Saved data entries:

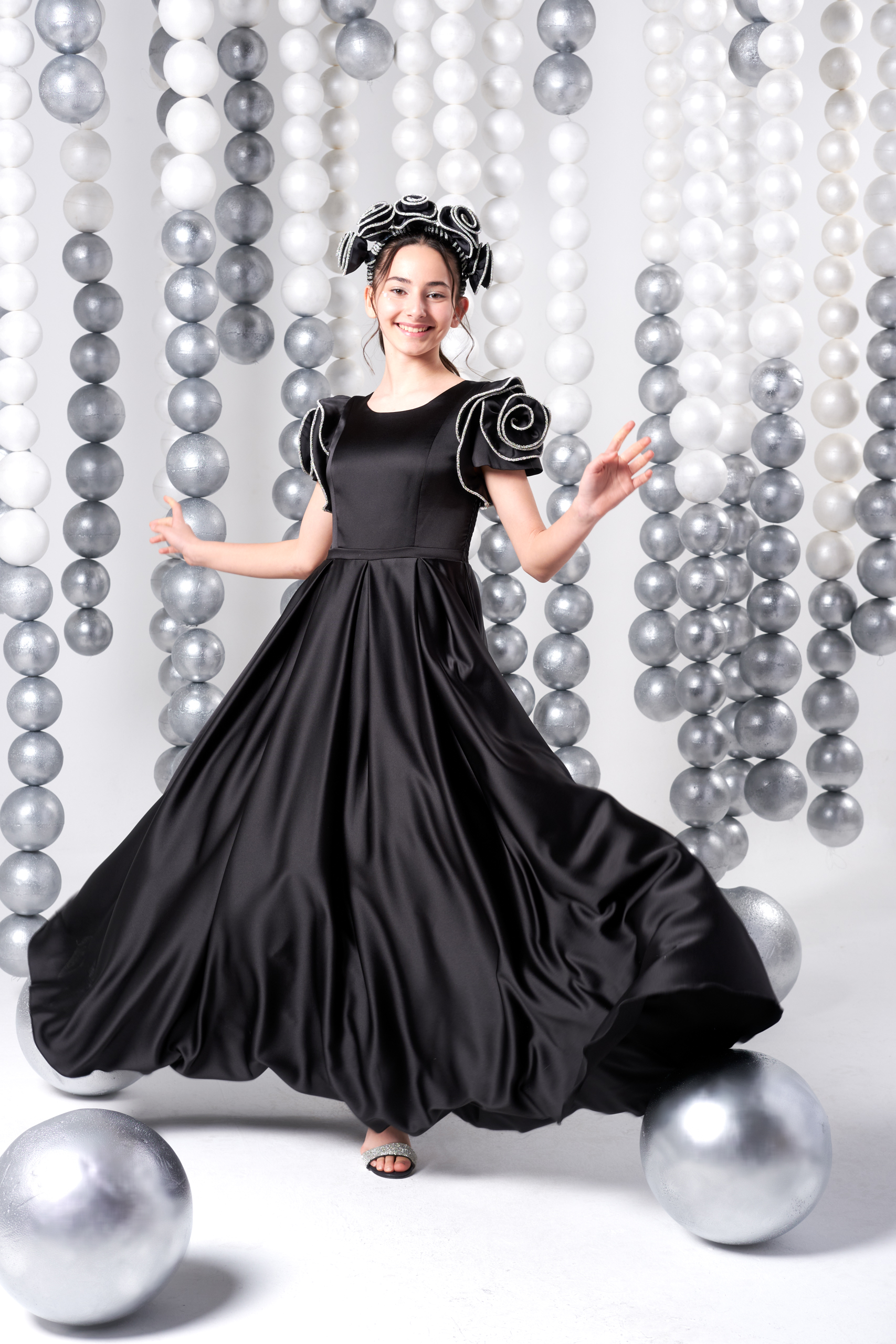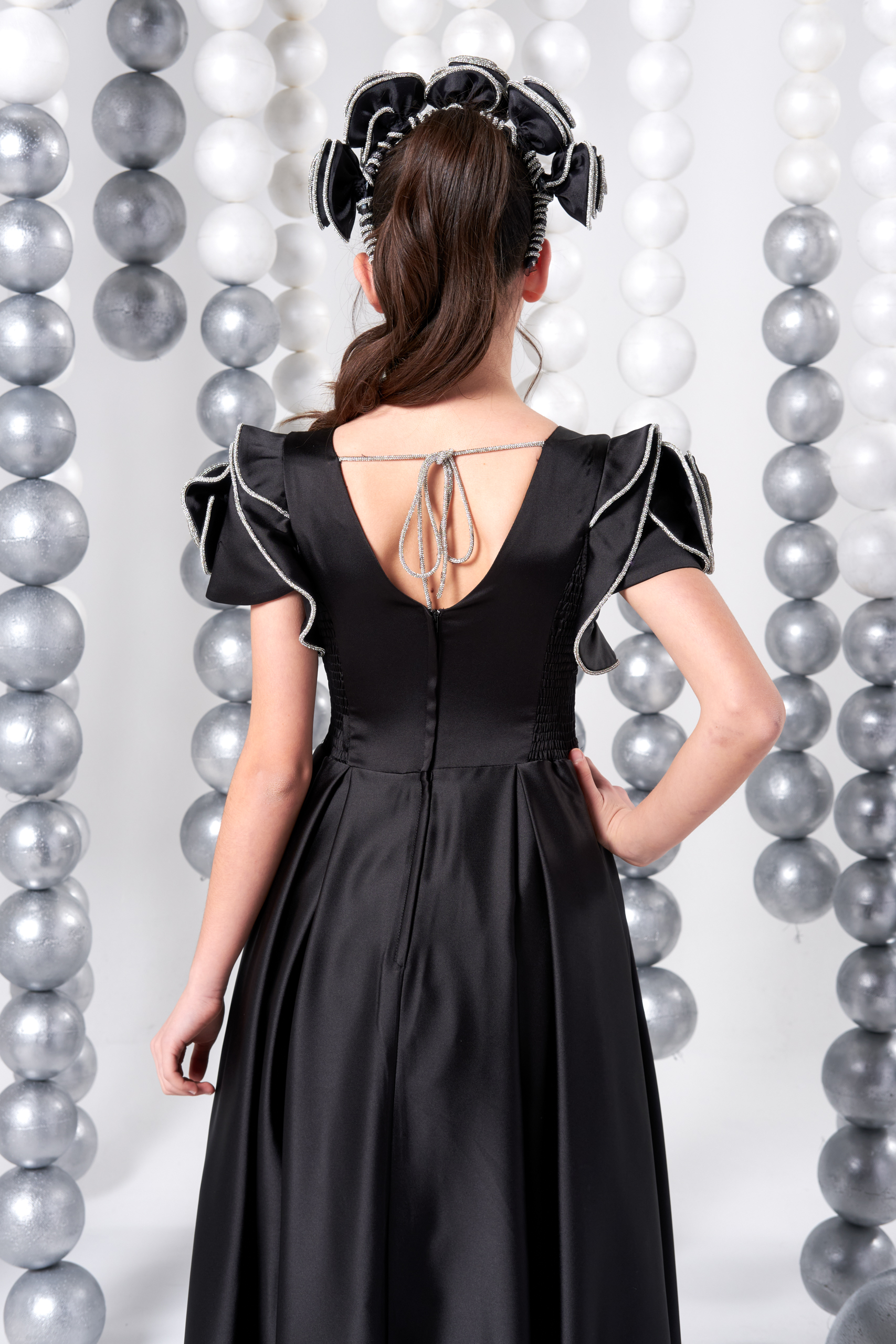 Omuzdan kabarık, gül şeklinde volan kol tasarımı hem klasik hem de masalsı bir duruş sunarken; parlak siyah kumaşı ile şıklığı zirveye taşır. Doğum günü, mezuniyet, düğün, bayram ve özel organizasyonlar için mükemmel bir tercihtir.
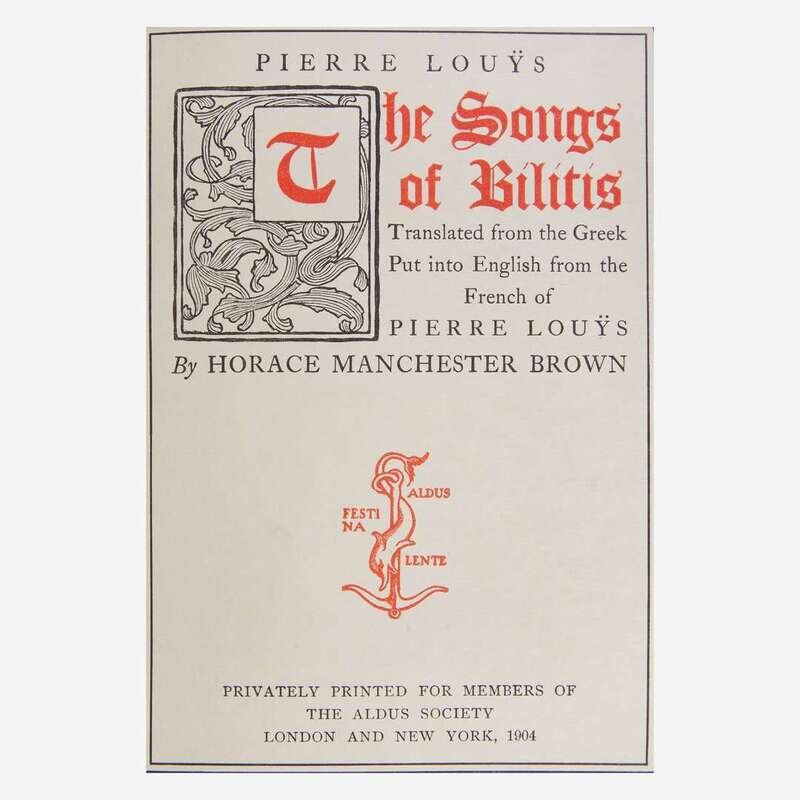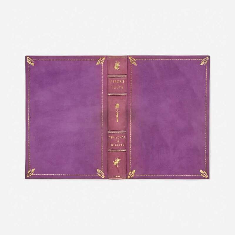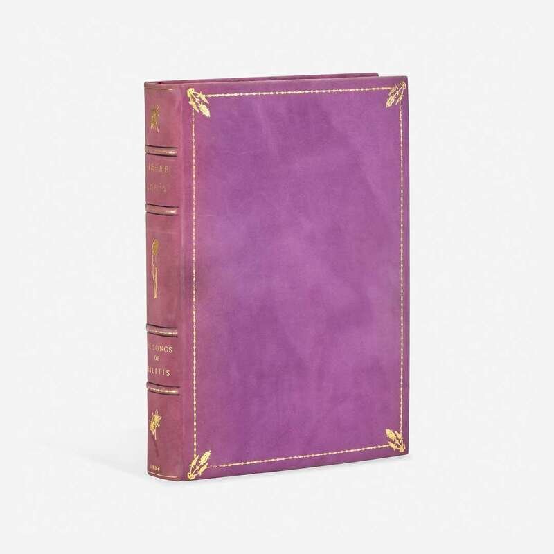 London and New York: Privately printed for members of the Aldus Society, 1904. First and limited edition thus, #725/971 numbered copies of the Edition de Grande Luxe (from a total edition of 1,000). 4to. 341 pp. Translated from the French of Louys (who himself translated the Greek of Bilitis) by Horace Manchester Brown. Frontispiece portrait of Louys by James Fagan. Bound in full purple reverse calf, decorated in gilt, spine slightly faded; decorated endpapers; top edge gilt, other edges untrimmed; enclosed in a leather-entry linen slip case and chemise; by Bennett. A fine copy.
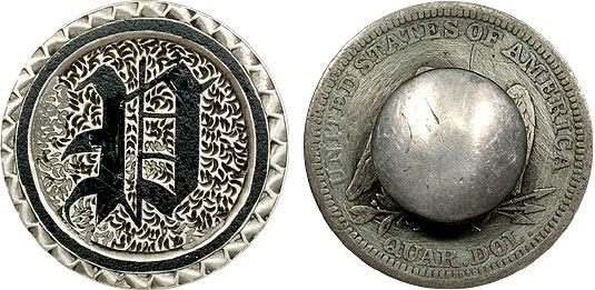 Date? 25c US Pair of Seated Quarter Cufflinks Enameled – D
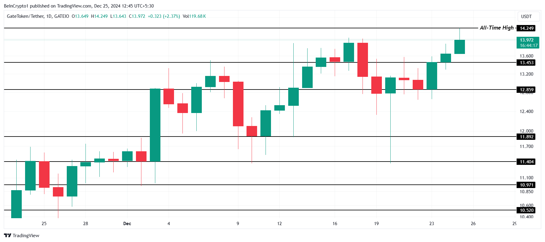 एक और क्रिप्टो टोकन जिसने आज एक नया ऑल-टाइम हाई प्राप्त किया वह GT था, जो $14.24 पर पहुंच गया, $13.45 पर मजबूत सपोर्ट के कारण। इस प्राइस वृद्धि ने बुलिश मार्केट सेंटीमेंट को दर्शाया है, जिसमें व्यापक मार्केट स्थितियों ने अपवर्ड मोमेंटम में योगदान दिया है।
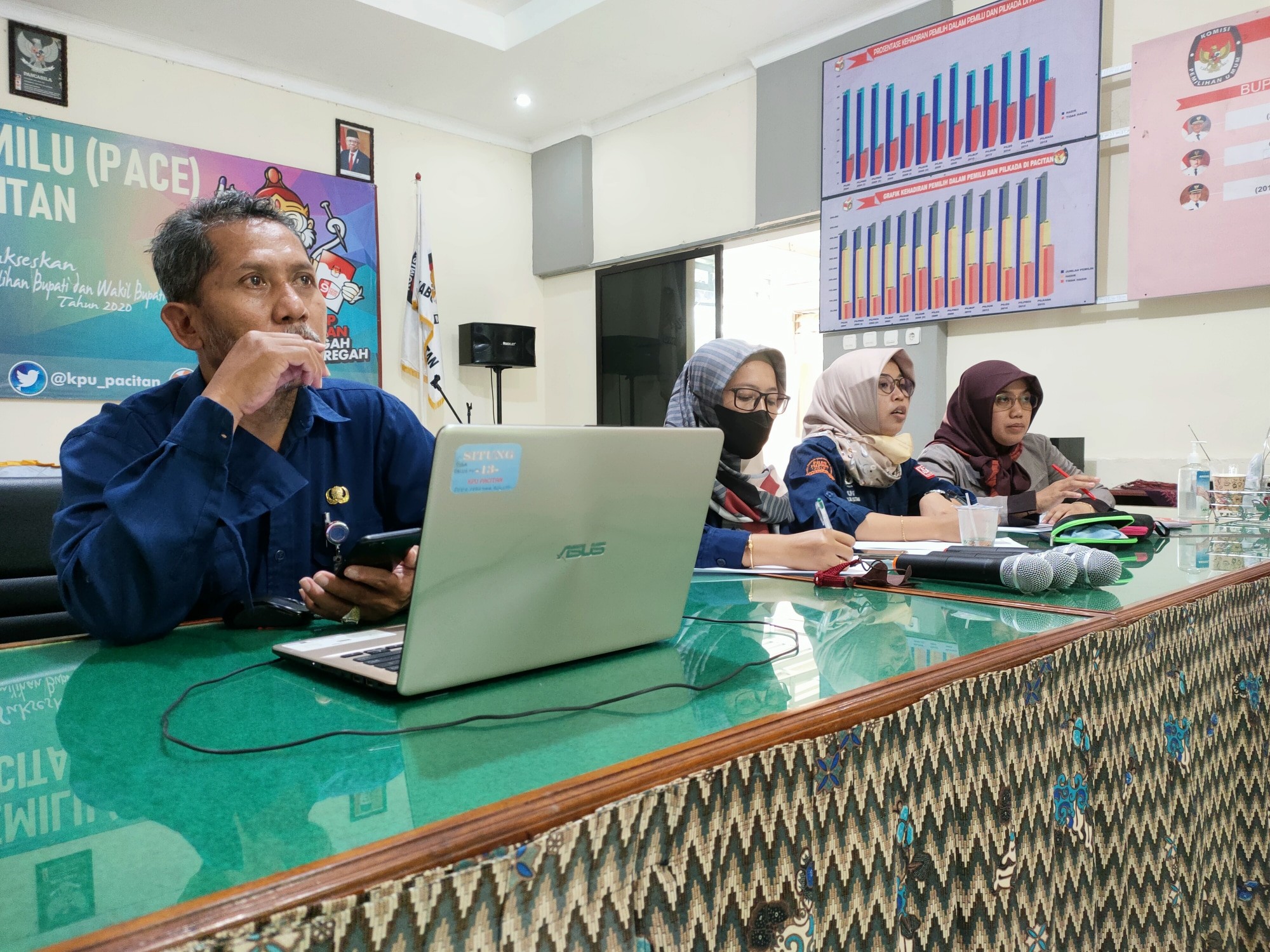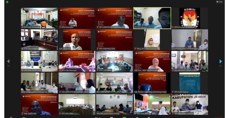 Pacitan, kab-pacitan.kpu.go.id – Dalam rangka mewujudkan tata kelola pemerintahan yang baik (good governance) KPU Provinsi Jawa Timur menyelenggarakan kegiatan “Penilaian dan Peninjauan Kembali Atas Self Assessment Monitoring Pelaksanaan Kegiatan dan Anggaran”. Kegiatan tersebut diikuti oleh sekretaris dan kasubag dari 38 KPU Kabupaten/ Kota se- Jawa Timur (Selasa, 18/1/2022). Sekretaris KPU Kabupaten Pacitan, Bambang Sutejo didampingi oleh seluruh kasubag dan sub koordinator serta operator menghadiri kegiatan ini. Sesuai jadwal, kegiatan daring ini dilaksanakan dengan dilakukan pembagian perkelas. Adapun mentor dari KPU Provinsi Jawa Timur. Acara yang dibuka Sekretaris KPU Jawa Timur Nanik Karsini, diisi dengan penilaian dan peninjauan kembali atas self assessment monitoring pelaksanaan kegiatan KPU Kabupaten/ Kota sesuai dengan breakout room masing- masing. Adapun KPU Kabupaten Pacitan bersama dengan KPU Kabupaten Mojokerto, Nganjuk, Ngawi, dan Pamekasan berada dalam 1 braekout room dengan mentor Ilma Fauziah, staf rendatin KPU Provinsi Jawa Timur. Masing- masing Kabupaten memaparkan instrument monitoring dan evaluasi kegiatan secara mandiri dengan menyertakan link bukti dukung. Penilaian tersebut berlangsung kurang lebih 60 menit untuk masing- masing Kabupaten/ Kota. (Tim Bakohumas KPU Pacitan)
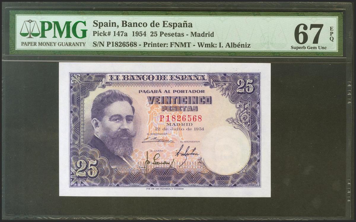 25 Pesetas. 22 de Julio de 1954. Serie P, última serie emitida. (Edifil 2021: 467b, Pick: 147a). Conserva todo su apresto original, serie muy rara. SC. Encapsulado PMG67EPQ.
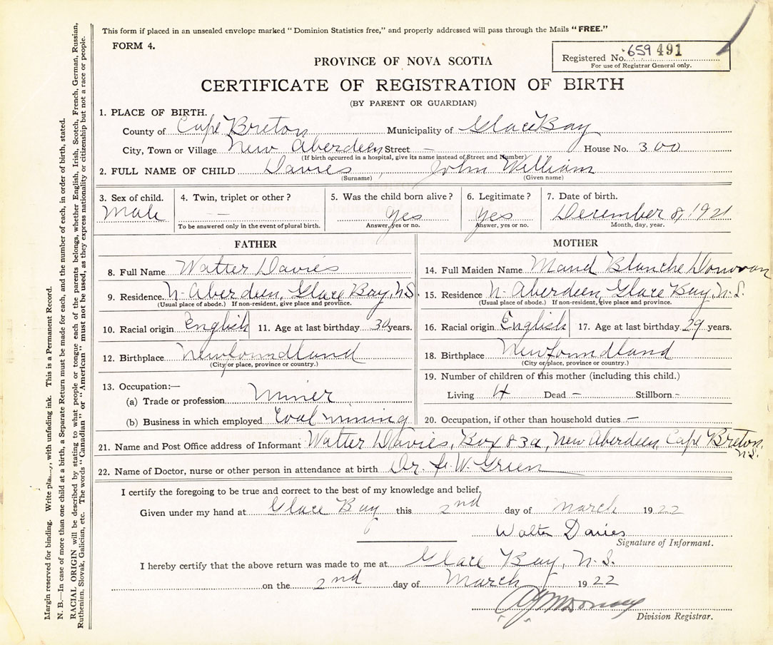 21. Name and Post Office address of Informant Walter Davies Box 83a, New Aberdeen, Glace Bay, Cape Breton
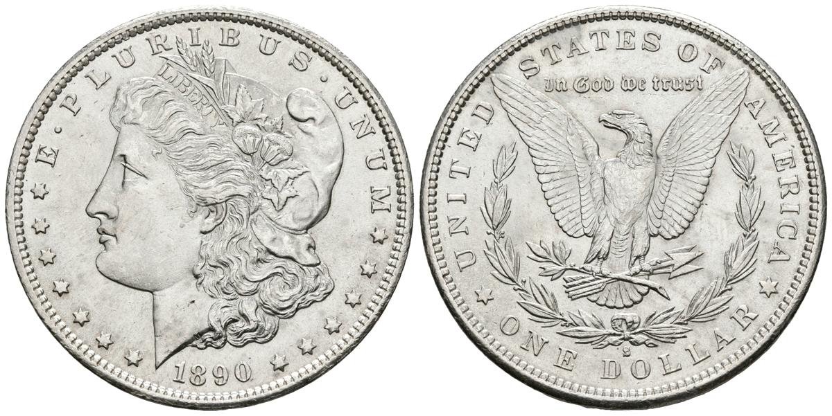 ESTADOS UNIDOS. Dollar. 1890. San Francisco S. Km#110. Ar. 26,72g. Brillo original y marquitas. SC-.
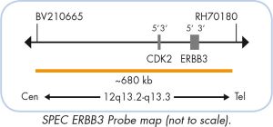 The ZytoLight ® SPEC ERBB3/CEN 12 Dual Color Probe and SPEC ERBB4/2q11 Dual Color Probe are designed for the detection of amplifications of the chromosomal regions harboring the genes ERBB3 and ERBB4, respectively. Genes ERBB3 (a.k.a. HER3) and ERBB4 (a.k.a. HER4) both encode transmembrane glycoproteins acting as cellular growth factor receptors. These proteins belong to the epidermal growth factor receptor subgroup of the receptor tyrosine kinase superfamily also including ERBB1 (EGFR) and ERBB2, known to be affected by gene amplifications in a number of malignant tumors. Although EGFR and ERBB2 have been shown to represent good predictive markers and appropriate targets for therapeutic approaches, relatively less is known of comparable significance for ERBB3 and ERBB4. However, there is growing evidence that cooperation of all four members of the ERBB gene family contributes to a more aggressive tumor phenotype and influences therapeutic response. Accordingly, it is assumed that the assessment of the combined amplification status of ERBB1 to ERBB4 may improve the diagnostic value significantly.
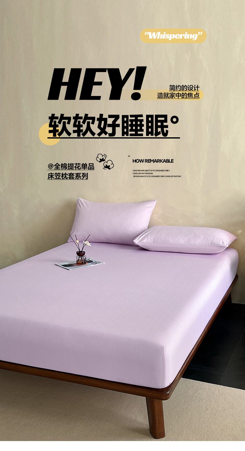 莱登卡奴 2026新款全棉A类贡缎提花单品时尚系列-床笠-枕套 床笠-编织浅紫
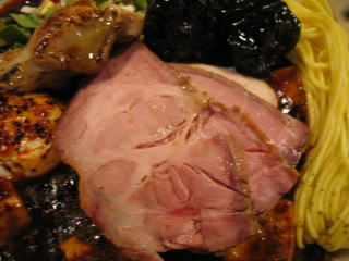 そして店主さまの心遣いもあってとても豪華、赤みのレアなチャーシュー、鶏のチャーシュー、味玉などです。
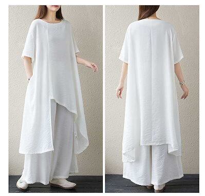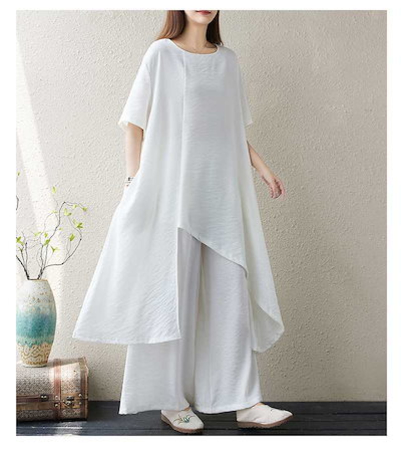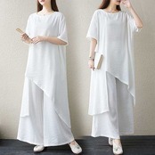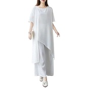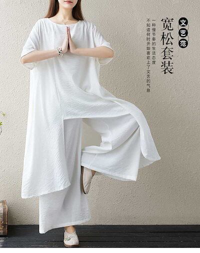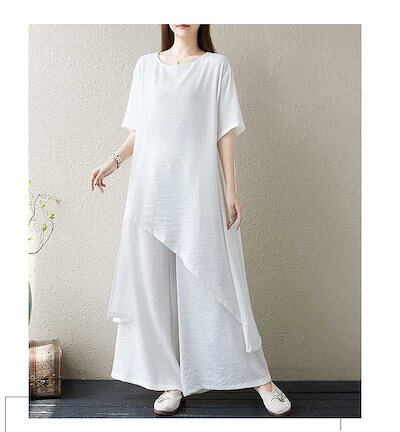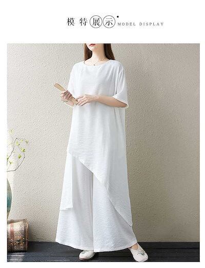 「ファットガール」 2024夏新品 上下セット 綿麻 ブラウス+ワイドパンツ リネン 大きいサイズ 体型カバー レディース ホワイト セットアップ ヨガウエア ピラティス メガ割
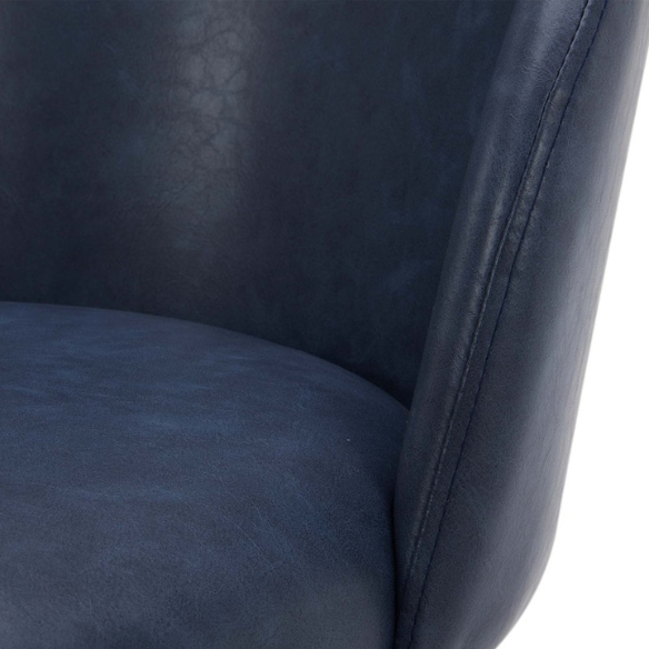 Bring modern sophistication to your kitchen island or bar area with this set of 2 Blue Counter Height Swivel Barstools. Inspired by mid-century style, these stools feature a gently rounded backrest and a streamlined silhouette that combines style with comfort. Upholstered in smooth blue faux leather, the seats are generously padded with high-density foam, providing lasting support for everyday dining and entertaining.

Exercise aim:
The answer must consist only of the lines from the beginning of the entries above through the line that holds "एक और क्रिप्टो", reproduced exactly and without pictures.

Your response:
 Omuzdan kabarık, gül şeklinde volan kol tasarımı hem klasik hem de masalsı bir duruş sunarken; parlak siyah kumaşı ile şıklığı zirveye taşır. Doğum günü, mezuniyet, düğün, bayram ve özel organizasyonlar için mükemmel bir tercihtir.
 London and New York: Privately printed for members of the Aldus Society, 1904. First and limited edition thus, #725/971 numbered copies of the Edition de Grande Luxe (from a total edition of 1,000). 4to. 341 pp. Translated from the French of Louys (who himself translated the Greek of Bilitis) by Horace Manchester Brown. Frontispiece portrait of Louys by James Fagan. Bound in full purple reverse calf, decorated in gilt, spine slightly faded; decorated endpapers; top edge gilt, other edges untrimmed; enclosed in a leather-entry linen slip case and chemise; by Bennett. A fine copy.
 Date? 25c US Pair of Seated Quarter Cufflinks Enameled – D
 एक और क्रिप्टो टोकन जिसने आज एक नया ऑल-टाइम हाई प्राप्त किया वह GT था, जो $14.24 पर पहुंच गया, $13.45 पर मजबूत सपोर्ट के कारण। इस प्राइस वृद्धि ने बुलिश मार्केट सेंटीमेंट को दर्शाया है, जिसमें व्यापक मार्केट स्थितियों ने अपवर्ड मोमेंटम में योगदान दिया है।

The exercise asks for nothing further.